Henry made a violent effort with his tongue. “No!” he cried.

“But you prayed before.”

“Yes, I prayed before—because my mother would have liked it. She would have wanted me to pray at least once, more as a proof of her training than for any other reason, a reassurance to her that she had done her duty by me.”

“Would you die heretic, Sir Henry? Aren’t you afraid of death?”

“I am too tired, sir, or too lazy, to consider problems of heresy. And I am not afraid of death. I have seen much violence, and no man whom I have admired was afraid of death, but only of dying. You see, sir, death is an intellec­tual matter, but dying is pure pain. And this death of mine is very pleasant so far. No, sir; I am not afraid even of dy­ing. It is comfortable, and it would be quiet if I could only be left alone. It is as though I were about to sleep after a great effort.”

He heard the Vicar’s voice again; but, though the warm hand still stroked his wrist, the voice came from a mighty distance.

“He will not answer me,” the Vicar was saying. “I am perplexed for his soul.”

Then he heard his wife speaking to him. “You must pray, dear. Every one does. How can you get to heaven if you do not pray?”

There she was again, intent on making a contract with God. But Henry did not want to look at her. Naïve though her philosophy was, her eyes were as deep and as sad as the limitless sky. He wanted to say, “I won’t want to get to heaven once I am dead. I won’t want them to disturb me.” They made such a commotion about this death.

The doctor had come back into the room. “He is un­conscious,” the booming voice proclaimed. “I think I will bleed him again.”

Henry felt the scalpel cut into his arm. It was pleasant. He hoped they would cut him again and again. But the il­lusion was contradictory. Rather than feeling the blood leaving him, he sensed a curious warmth slipping through his body. His breast and arms tingled as though some robust, ancient wine were singing in his veins.

Now a queer change began to take place. He found that he could see through his eyelids, could see all about him without moving his head. The doctor and his wife and the Vicar and even the room were sliding away from him.

“They are moving,” he thought. “I am not moving. I am fixed.
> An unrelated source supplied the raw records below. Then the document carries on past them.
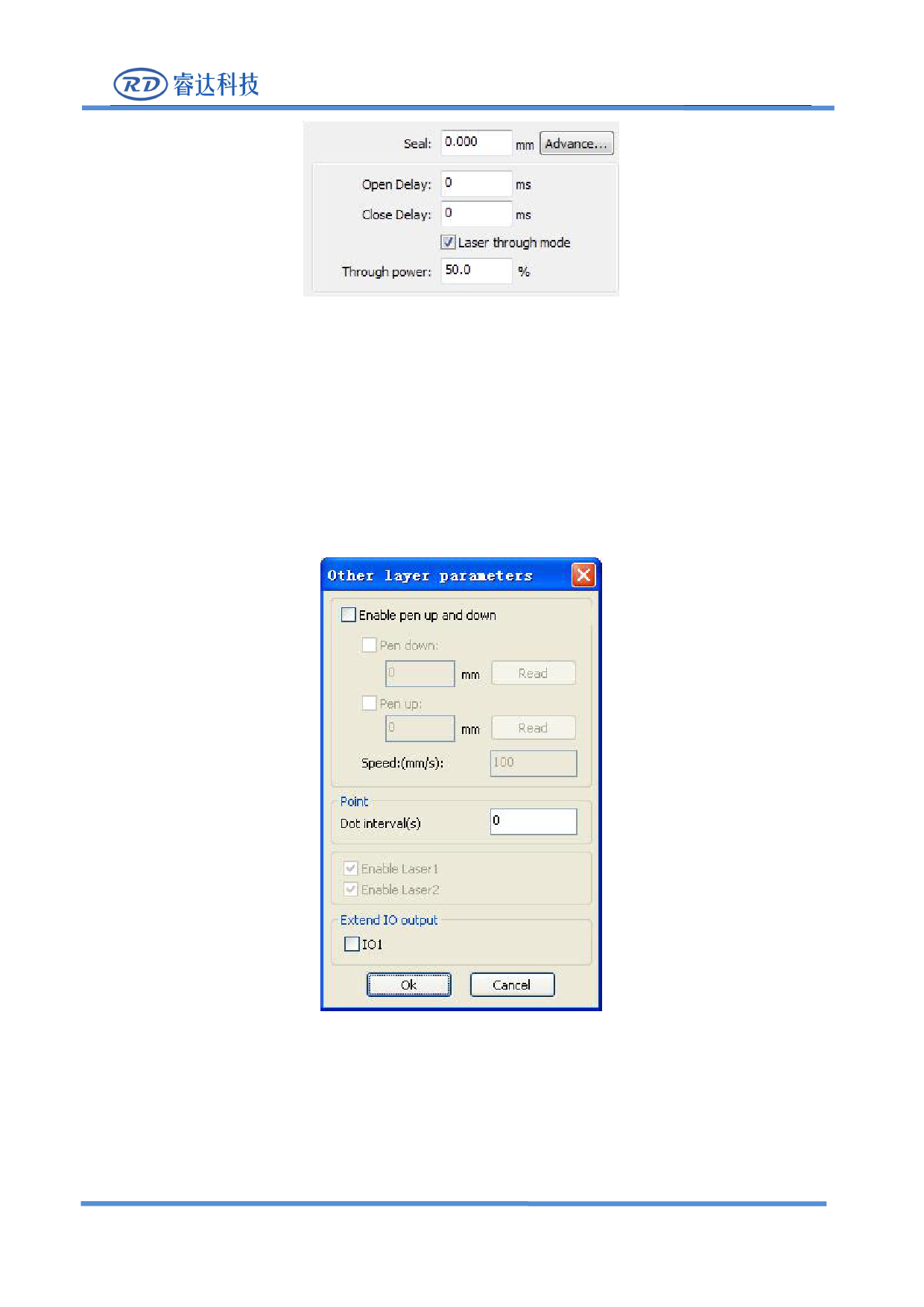 Laser through mode:If checked,the light switch delay said is on time,otherwise,the time delay switch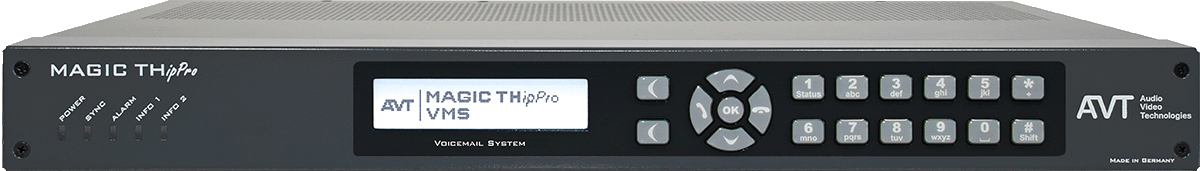 MAGIC THipPro Voicemail System is available with 8 or 16 caller lines. The DSP-based recording system for connection to VoIP-capable PBXs or VoIP main lines is designed for automated recording of up to - in the maximum configuration level - 32 simultaneous calls, which are stored as WAV files on a file server.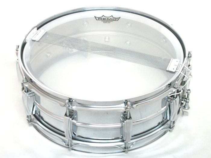 ヘッドはREMOコーテッドアンバサダー、ボトムもREMOスネアサイドアンバサダーが装着されています。スナッピーは60年代オリジナルLudwig L-1930が装着されています。

I am the center of all things and cannot move. I am as heavy as the universe. Perhaps I am the universe.”

A low, sweet tone was flowing into his consciousness; a vibrant, rich organ tone, which filled him, seemed to emanate from his brain, to flood his body, and from it to surge out over the world. He saw with a little surprise that the room had gone. He was lying in an immeasurable dark grotto along the sides of which were rows of thick, squat columns made of some green, glittering crystal. He was still in a reclining position, and the long grotto was sliding past him. Of a sudden, the movement stopped. He was sur­rounded by strange beings, having the bodies of children, and bulbous, heavy heads, but no faces. The flesh where their faces should have been was solid and unbroken. These beings were talking and chattering in dry, raucous voices. Henry was puzzled that they could talk without mouths.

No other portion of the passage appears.